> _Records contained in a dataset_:

####

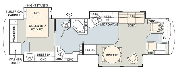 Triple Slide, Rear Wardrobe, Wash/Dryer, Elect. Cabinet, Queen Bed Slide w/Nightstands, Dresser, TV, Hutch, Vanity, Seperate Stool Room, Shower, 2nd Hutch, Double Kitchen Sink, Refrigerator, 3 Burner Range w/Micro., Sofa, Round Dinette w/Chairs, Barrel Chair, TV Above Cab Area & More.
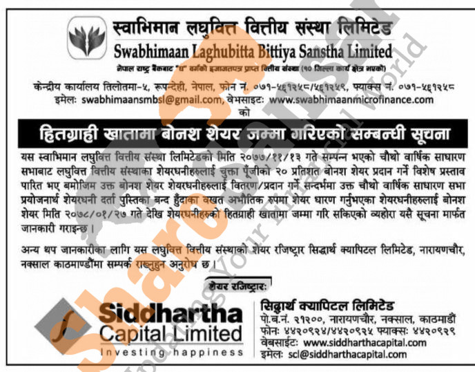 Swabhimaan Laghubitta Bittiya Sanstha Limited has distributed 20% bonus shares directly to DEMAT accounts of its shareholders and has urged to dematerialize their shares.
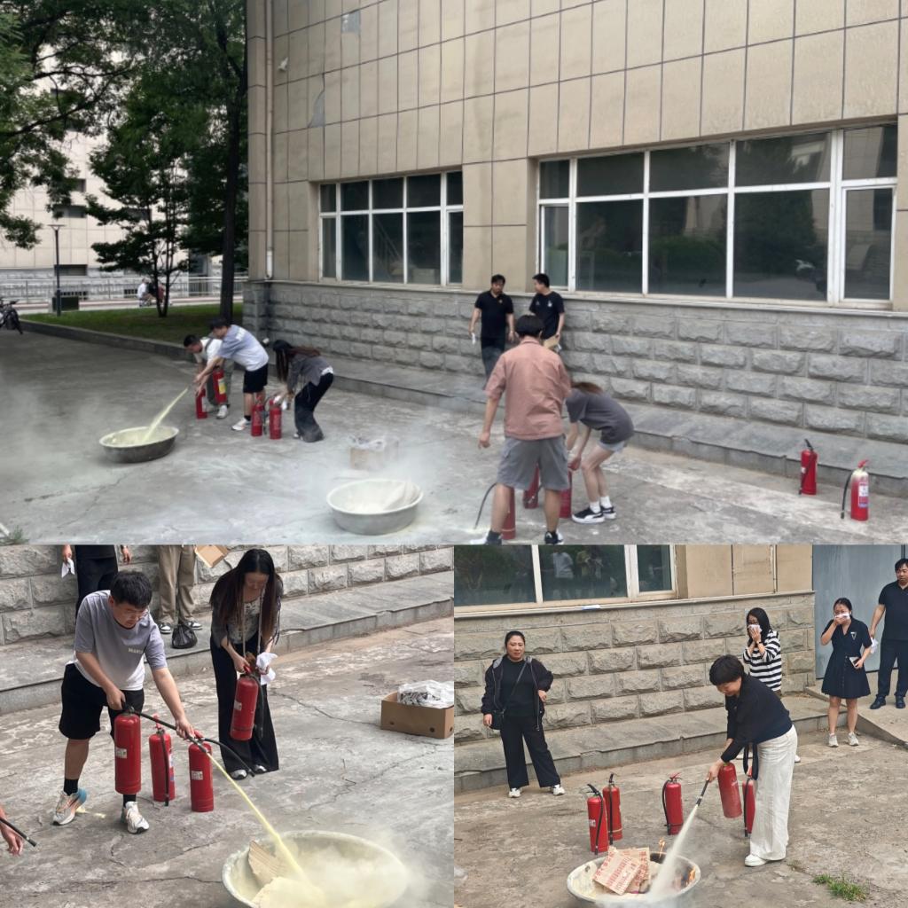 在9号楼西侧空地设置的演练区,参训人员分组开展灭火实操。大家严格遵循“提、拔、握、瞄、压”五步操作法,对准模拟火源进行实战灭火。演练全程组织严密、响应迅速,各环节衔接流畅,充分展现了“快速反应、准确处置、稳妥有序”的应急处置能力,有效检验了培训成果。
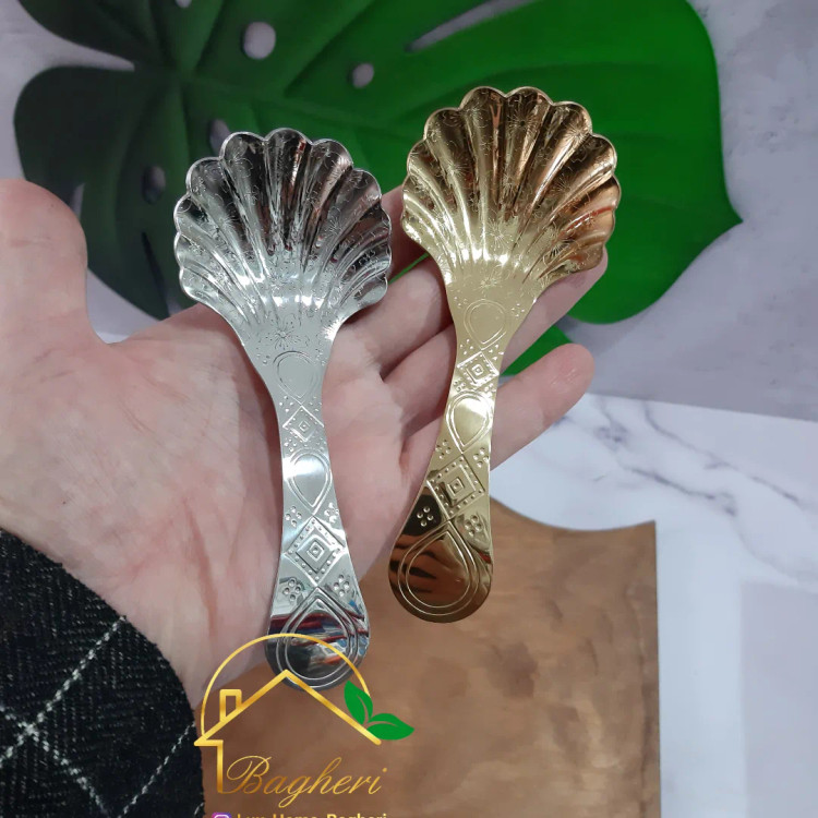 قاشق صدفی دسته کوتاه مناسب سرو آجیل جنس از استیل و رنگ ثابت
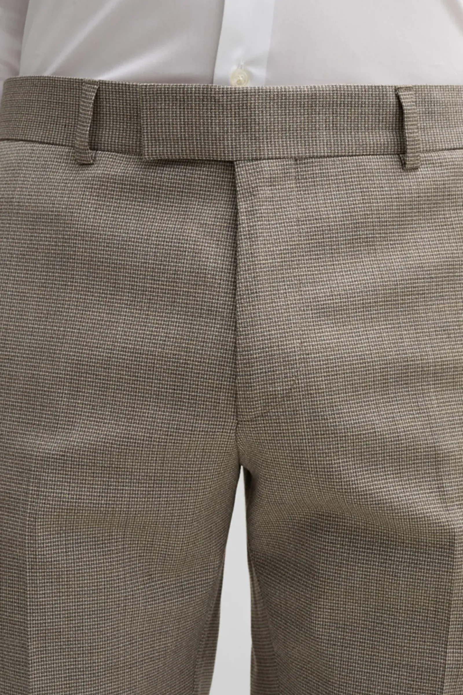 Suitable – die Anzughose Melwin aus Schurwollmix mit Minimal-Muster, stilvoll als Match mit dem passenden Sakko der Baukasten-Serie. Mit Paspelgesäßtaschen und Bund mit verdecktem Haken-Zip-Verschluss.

####

> _What the task asks_:
Write out the line that contains "Swabhimaan Laghubitta Bittiya" and every line after it to the end of the data, exactly as they stand. Omit the pictures.

> _Solution for this task_:
 Swabhimaan Laghubitta Bittiya Sanstha Limited has distributed 20% bonus shares directly to DEMAT accounts of its shareholders and has urged to dematerialize their shares.
 在9号楼西侧空地设置的演练区,参训人员分组开展灭火实操。大家严格遵循“提、拔、握、瞄、压”五步操作法,对准模拟火源进行实战灭火。演练全程组织严密、响应迅速,各环节衔接流畅,充分展现了“快速反应、准确处置、稳妥有序”的应急处置能力,有效检验了培训成果。
 قاشق صدفی دسته کوتاه مناسب سرو آجیل جنس از استیل و رنگ ثابت
 Suitable – die Anzughose Melwin aus Schurwollmix mit Minimal-Muster, stilvoll als Match mit dem passenden Sakko der Baukasten-Serie. Mit Paspelgesäßtaschen und Bund mit verdecktem Haken-Zip-Verschluss.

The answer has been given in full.